We first prove that topological fiber entropy potential in a relatively symbolic extension (topological joining with a subshift) of a topological dynamical system (which is a non-negative, non-decreasing, upper semicontinuous and subadditive potential $\mathfrak{H}$ ) yields topological pressure equal to the topological entropy of the extended system. The terms occurring on the other side of the variational principle for pressure are equal to the extension entropies of the invariant measures. Thus the variational principle for pressure reduces to the usual variational principle (for entropy) applied to the extended system.

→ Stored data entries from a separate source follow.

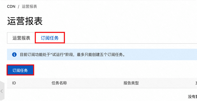 如果您需要将运营报表推送到邮件,可以在订阅任务中创建订阅,注意,订阅报表前需要先在运营报表中定制对应报表。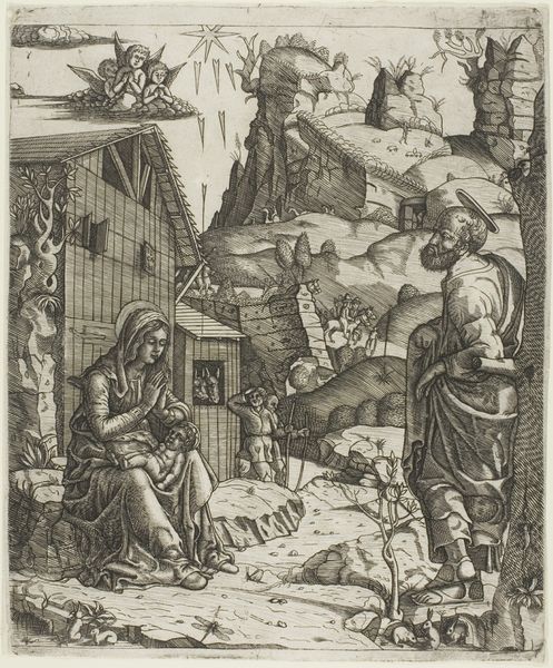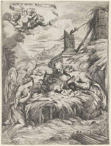 This print, *De heilige Hiëronymus als kluizenaar*, or Saint Jerome as a Hermit, was made by an anonymous artist using the process of engraving. The process begins with a metal plate, likely copper, into which the design is carefully incised with a tool called a burin. The artist would have used the burin to remove slivers of metal, creating lines that hold ink. The plate is then inked, and the surface wiped clean, leaving ink only in the engraved lines. Finally, damp paper is pressed against the plate, transferring the image. The character of the line in this print is a direct result of this laborious process. Notice how the varying depths and thicknesses of the lines create shading and texture, from the saint's beard to the lion's mane. It's remarkable to consider the skill and time required to produce such a detailed image through such an indirect process. By focusing on the materials and processes involved, we can appreciate the cultural significance of printmaking as a means of disseminating images and ideas, while also recognizing the labor and expertise that went into each impression.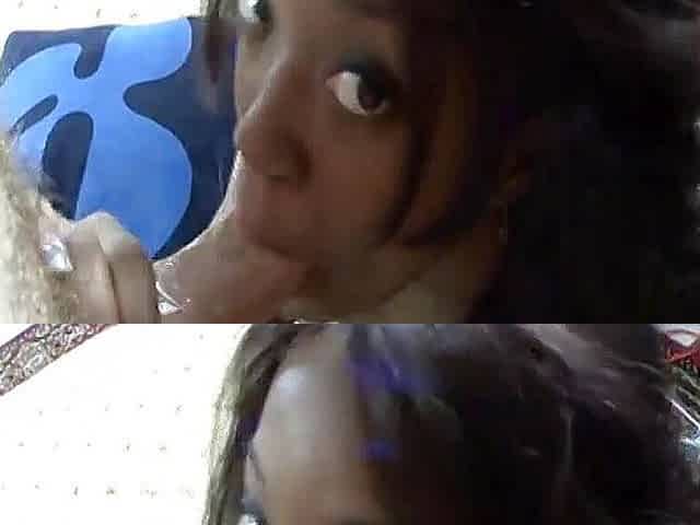 Sexy black chick gets fucked and creamed after sucking off hard white cock

Next we prove our main theorem saying that every non-negative, upper semicontinuous and subadditive potential $\mathfrak{F}$ (we drop the monotonicity assumption) is ‘nearly equal’ to the fiber entropy potential H in some relatively symbolic extension of the system, in the sense that all terms occurring in the variational principle for pressure are the same for both potentials. This gives a new interpretation of all such potentials $\mathfrak{F}$ as a kind of additional information function enhancing the natural information arising from the dynamical system, and provides a new proof of the variational principle for pressure. At the end of the paper we provide examples showing that both assumptions, continuity and additivity, under which so-called lower pressure (defined with the help of spanning sets) equals the pressure, are essential, already in the class of non-negative, upper semicontinuous, subadditive potentials.